Wednesday, May 19, 2004

The war has gone from bad to worse, to even worser.

[May 19, 2004] And it went from worser to even worserer. Namely, U.S. soldiers are now known to have been torturing, yes, torturing, both Iraqi and Afghani prisoners. This is the U.S., we don't do that kind of thing do we?

[April 29, 2004] The war has gone from bad to worse, to even worser. At the breaking point [; by Robert Schlesinger] Under the rubric of the war on terrorism, the U.S. armed forces are now conducting operations in more countries around the world than at any time since World War II, though in sheer numbers the current force of 10 active divisions is dwarfed by the 90 divisions of the earlier force. The Bush administration's policies have created unsustainable and dangerous conditions in the U.S. Army, according to military experts, retired officers and a growing number of elected officials from both parties.

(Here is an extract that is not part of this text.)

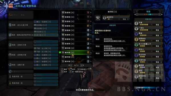 满会心是最简单粗暴提高输出的方式,耳塞5和体力3也保证你的生存概率,让你可以摸清怪物的攻击方式。达人三护石材料全部取自本体,得到方式简单。相比腾龙套输出肯定低一点,但是生存方面确是大大的提升
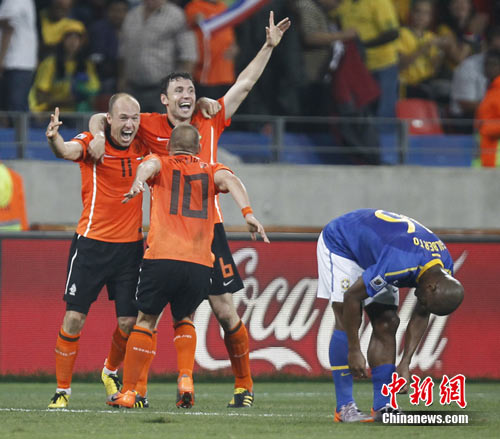 中新網(wǎng)7月2日電 今晚22:00,南非世界杯進行了1/4決賽的首場比賽,由荷蘭隊在伊麗莎白港的曼德拉灣球場迎戰(zhàn)巴西。雖然羅比尼奧在上半場率先破門,但下半場憑借梅洛的烏龍球和斯內德頭槌建功,荷蘭隊2-1逆轉擊敗巴西隊,率先挺進四強。

The administration's insistence on doing more with less has left the military unable to secure Iraq, triggering a ripple effect that threatens the morale of active and reserve members of the Army, retention, training schedules and, not incidentally, American lives. While some of the underlying issues predate this administration, they have been exacerbated by the decision to wage a war of choice in Iraq and critically bad judgments on how that war's aftermath would play out. ... Rumsfeld prevailed in the planning for the war and its aftermath. And it was his belief that more from less would work as well with the occupation as it did with the military conquest. His faith was bolstered by neoconservatives' insistence that the U.S. forces would be greeted as liberators; that once Saddam was toppled a democratic Iraq would immediately take its place; and that the allied troops and newly minted Iraqi security forces would bear their share of the burden.